Let's use cheerio to loop through each and get the article contents. Inspecting the page we can see that all articles are 's that are nested under a with a class of 'news-articles'. First let's use the chrome devtools to inspect the page contents and target the desired elements and data we want to extract. Here we can use the cheerio library for this. Now that we've got HTML being returned we can go through the page and extract the data we want. Loop through each article and get its data If successful, you should get a bunch of HTML logged to the terminal similar to the image below: It allows implementing web scraping routines. Node.js is a great tool to use for web scraping. The process should remove the hassle of having to browse pages manually, be automated, and allow to gather and classify the information you're interested in programmatically. This is because axios returns several properties but data is the one that contains our HTML payload. By definition, web scraping means getting useful information from web pages. Notice that I've logged response.data instead of response. To test our script, open the terminal at the root directory of the project folder and type the following command then hit enter to execute the script. You can do it by clicking the right mouse click. Inside the project’s folder, create a new file called app.js. Next, let's check if we can hit the URL by doing a simple GET request with axios by passing in the URL. Create a new folder for our web scraping application project, and name it as you wish. In the root directory of the project folder create an empty javascript file for the scraper, I've called mine scraper.js.Īt the top of the file import the dependencies.

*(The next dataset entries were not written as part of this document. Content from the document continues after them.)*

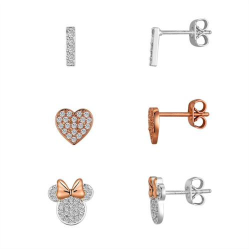 Now you can express your love for Minnie in a multitude of different ways with this earring set. Mix and match Minnie style with this set of three different pairs of stud earrings inspired by Disney's beloved fashionista. The three designs include the letter ''I'' encrusted with crystals, a rose goldtone heart stud with cubic zirconia and a sparkling silvertone Minnie icon.
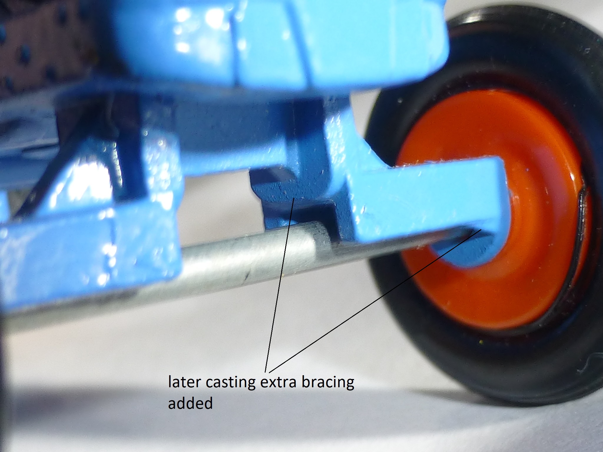 The casting difference on the K11a with orange metal hubs/unpainted steering wheel is on the front axle assembly where the frame is thin and on later versions a curved brace or thickening has been added and also extra webbing. See images
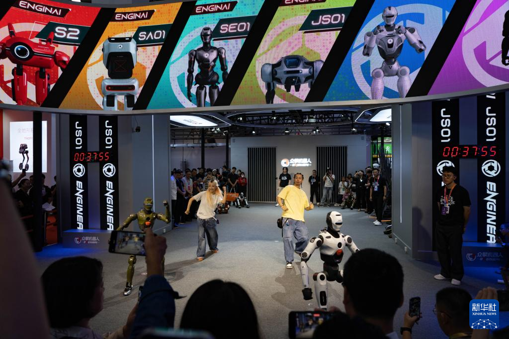 8月8日,观众在2025世界机器人大会上观看一款跳舞机器人。

![web scraping with nodejs web scraping with nodejs](https://www.webscreenscraping.com/assets/img/blog/2022/July/how-web-scraping-is-used-to-build-large-scale-database/Top-programing-language-used-to-build-web-scrapers.png)
#Web scraping with nodejs install#
Next, we'll install the axios and cheerio libraries. Inside the project folder create a package.json file to save the project dependencies. We'll scrape the data and save into a JSON file.Ĭreate an empty folder to hold the project files. The URL we'll be scraping is which contains a list of news items highlighted in red shown below. We'll also use the node fs module to save the scraped data into a JSON file.
![web scraping with nodejs web scraping with nodejs](https://cobaltintelligence.com/blog/wp-content/uploads/2021/01/Web-scraping-with-Nodejs-and-Cheerio-1170x657.png)
In this tutorial we'll create a simple web scraper using NodeJS, axios and cheerio.